Halszko, dziękuję za odwiedziny. Masz rację, wszystko rośnie i rozwija się na potęgę. Czasem nie widać tego gołym okiem, kiedy patrzy się na rabaty dość często. I dopiero gdy porówna się zdjęcia z archiwum i obecne, widać sporą różnicę we wzroście roślin.
Na szczęście omijają nas wszelkie kataklizmy, więc cieszę się z piękna przyrody i możliwości obserwowania poczynań rozmaitych ciekawych żyjątek.
A i świeże warzywka są oczywiście z przyjemnością przez nas spożywane.
Misza, na długo zniknęłaś z forumowych stron, a więc cieszę się, że znowu jesteś. Nie wiem, czy doczytałaś, ale wiosną nawiedziły mnie na działce sarny i obskubały wszystkie różane pączuszki, co do jednego. Byłam wtedy bardzo zdenerwowana i rozżalona. Ale myślę, że różom wyszło to jednak na dobre, bo chociaż musiały wytworzyć nowe pąki i zakwitły później, to jednak kwiecia jest sporo i jakby krzaczki silniejsze. Niestety ostatnio pojawiła się czarna jędza, ale na to chyba nie ma skutecznego lekarstwa.

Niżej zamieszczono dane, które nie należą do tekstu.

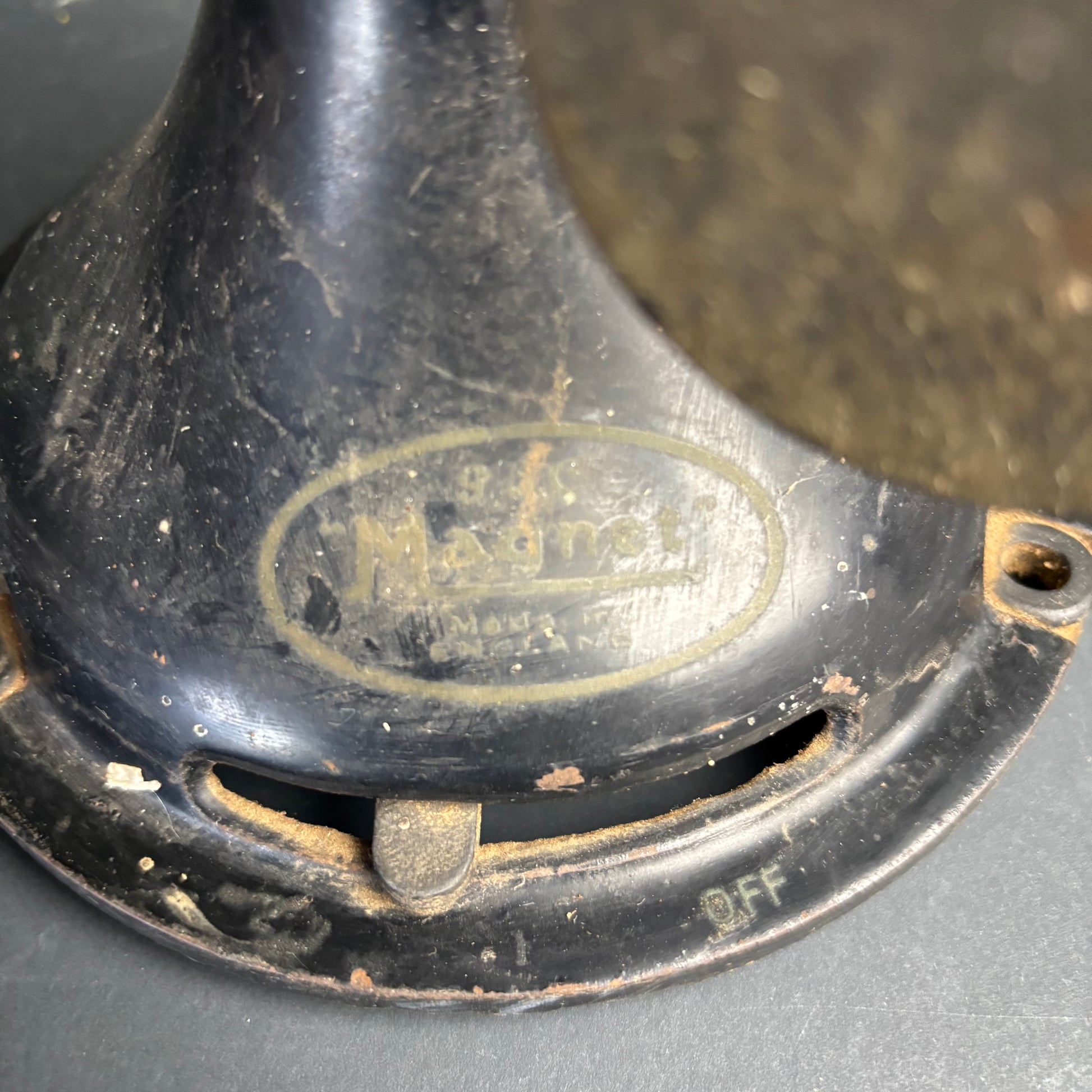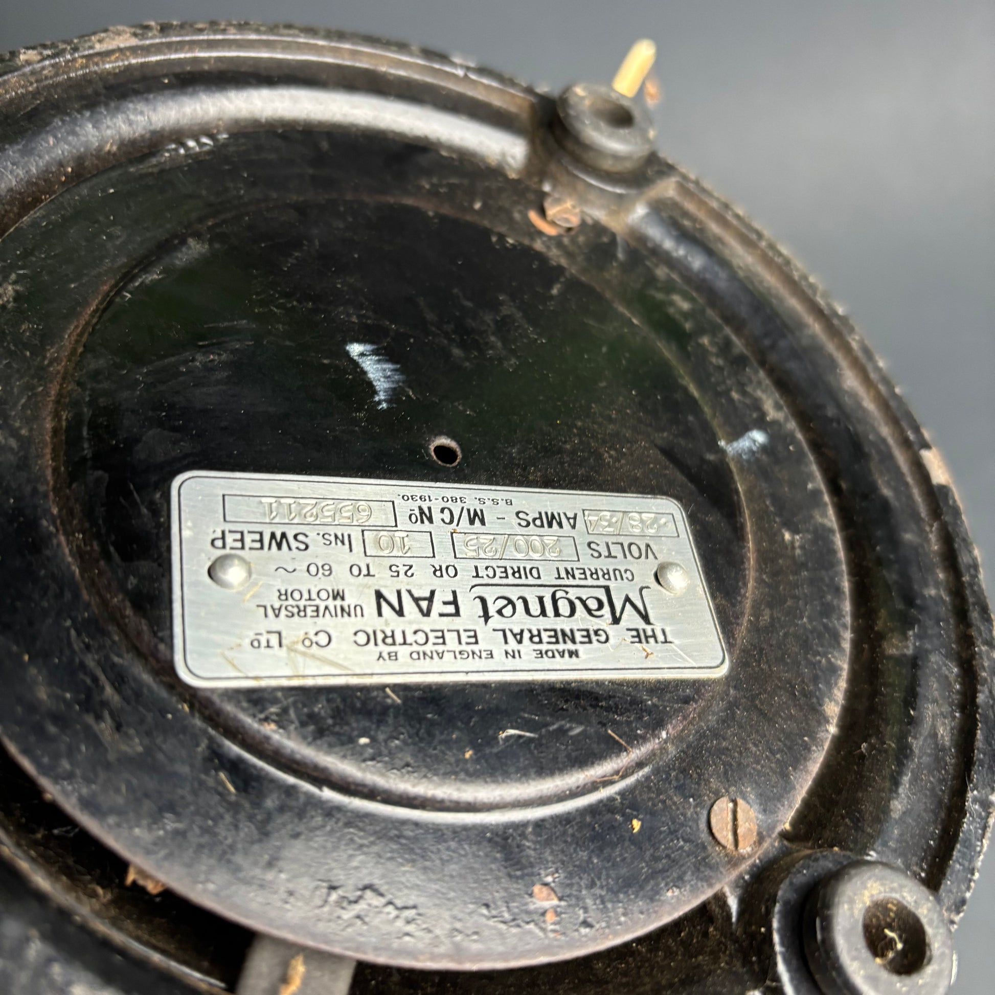 Vintage Magnet desk fan by General Electric Co Ltd (England) featuring a cast metal base and four-blade brass fan.

A zatem zapraszam na widoczki z różanego ranczo.
The Pilgrim. Róża została mocno poszarpana przez sarny, ale wypuściła piękny nowy pęd i teraz zachwyca napakowanymi kwiatami.
Circle of Life i
Impala
Circle of Life kwitnie brzoskwiniowymi bukiecikami na końcach pędów.
Arabia, wiosenny zakup. To jej pierwsze kwiatki u mnie.
Bengali Zmieniłam jej miejsce, bo w poprzednim dosłownie wegetowała.